I would really like to know how to create similar sounds as in Blake Neely's The Mentalist soundtrack. Here are a few examples of Sounds I really like:




> 00:00 - The Plucky bell-like sound right in the beginning






> 00:00 - The repeating Piano-type sound
> 00:00 - The Synth sound in the background






> 00:30 - The little repeating section
> 01:14 - The lower plucky sounding synth
> 01:21 - Another cool Plucky Bell-like sound
> 02:50 - The subtle "Alarm"



... and more. Now, I might have the wrong impression thinking that this is "a specific style", but I can't help but finding countless Dance / Dubstep Related Preset Packs and tutorials, so I am looking for any kind of Presets that are less cinematic or EDM-like, and more subtle, like this.

I use the Vital Softsynth, and there are a lot of Tutorials out there (even watched tutorials for other synths) so that I could dissect the sounds they are making. None that I have found, however, actually go into the direction of sounds that I would like to create, probably mostly because I have no idea how the Sounds are actually called. So when I dissect many of the tutorials that show me how to make a "Skrillex Dubstep Wobble" Preset and even though it makes sense, I don't really seem to ever use these techniques learned in these presets / tutorials, and so I end up forgetting them, because it's just not the sound that I am after.

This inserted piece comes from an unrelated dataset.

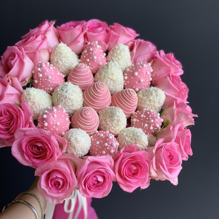 Клубника в шоколаде – 19 шт.Роза розовая – 19 шт.бумага упаковочная – 1 шт.Лента атласная – 1 шт.Открытка – 1 шт.

My current impression is, that just learning all the tools and features of my Softsynth before making the sounds I want doesn't work for me. I know the very basics, but actually making progress always depends on what I am after, and when I learn a lot about, I dunno, Bitcrushing, the moment it might actually be relevant for my music I might have already forgotten that it exists because I don't need it much. When I sit in front of my Init Preset in my synth and just "try" to go towards the sound I want to create, I almost always end up with the same filtered Sawtooth with a different envelope. From all the tutorials I watched, it feels like I learned nothing. So right now I am thinking of Tutorials / Preset Packs that are in the style of the music I linked above -- so that I can dissect them and learn how they're done, because *these *would be the type of sounds I actually would like to use and create. Since I don't know the Genre or what to Google Search for, I am pretty much stuck...

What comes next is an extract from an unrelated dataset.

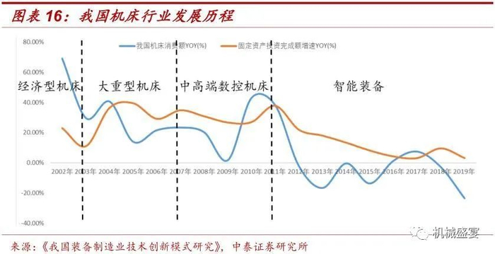 4)2011年-至今,国内机床行业加速整合,机床产业正在改变过去简单追求规模、数量和增长速度的发展模式,朝向高质量发展模式转变。一直以来,国内机床行业都把在做大规模作为导向,处于“低端混战、高端失守”的被动局面,长期被发达国家打压在产业链中低端,全行业长期被低利润困扰,亏损面不断扩大。随着中国通用技术集团重组沈阳机床和大连机床,国内机床行业加速整合的大幕已然拉开。我国机床产业凭借全球最大的市场、研发、制造和供应体系,已形成了从材料、功能部件、整机、现代服务体系到诸多领域应用覆盖的完整产业生态链系统。近几年,我国机床行业不仅在制造规模上处于世界领先的位置,并且不断将产品的生产与现代化技术相结合,逐步走向智能化,技术水平得到显著提升,正逐渐缩短与日德等国差距。
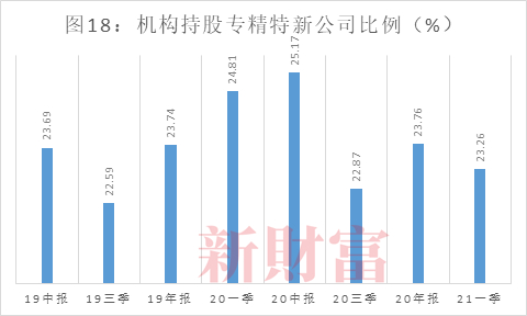 作为对比,截至2021年一季度末,机构在科创板公司的持股比例平均为21.86%,创业板公司为24.02%。专精特新上市公司的机构持股比例略高于创业板和科创板整体水平。据WIND数据,最近8个季度,机构配置专精特新公司的比例都保持在20%以上(图18)。

Can anyone relate to my situation? Does someone know of a good way / or a good preset pack, genre name or Youtube Channel / Tutorial that I could look into to learn more about the style mentioned? Or are they actually super rare and I might be better off reading all the docs and spending a lot of time just trying? 
This is by no means my first try getting into synths, but I keep losing focus by working on Sounds that I actually don't even need or want. So far, it is making learning Synths a very unappealing and unrewarding journey for me, and I have no idea how to progress from here. So I really hope someone has some Advice 

Thanks for reading, I really look forward to any response! 

- Crim


----------



## StefanoM (Oct 28, 2021)

Maybe you need of ELEMENTS and to see my Tutorials:

Just an example: 


This is the Playlist with 16 Tutorial :


----------



## davidson (Oct 28, 2021)

Syntorial is brilliant for learning synthesis in a really short amount of time. You'll be able to create those sounds from scratch within a couple of hours. They always run a 50% or so sale on black friday so if you can hold off for a while, you'll save some money. 

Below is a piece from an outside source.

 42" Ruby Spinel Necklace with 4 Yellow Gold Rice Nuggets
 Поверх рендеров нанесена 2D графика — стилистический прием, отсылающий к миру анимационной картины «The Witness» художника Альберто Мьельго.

Syntorial: The Ultimate Synthesizer Tutorial | Syntorial


Syntorial is more than just another synth tutorial. It's video game-like training software, that will teach you how to program synth patches by ear.




www.syntorial.com


----------



## shponglefan (Oct 28, 2021)

Crimzan said:


> Since I don't know the Genre or what to Google Search for, I am pretty much stuck...


Based on some of the examples (e.g. E-piano or bell-like sounds) I would search for tutorials on FM (frequency modulation) synthesis.

Different types of synthesis are useful for creating different types of sounds. Electric piano and bell-like sounds especially are in the domain of FM synthesis.

You mention you're using Vital softsynth. I haven't used it so I don't know if it can do proper FM synthesis. If not, you may need to look at a different synthesizer to play around with. Not all synthesizers are adept at creating all sounds. This is why people usually end up with a few different options.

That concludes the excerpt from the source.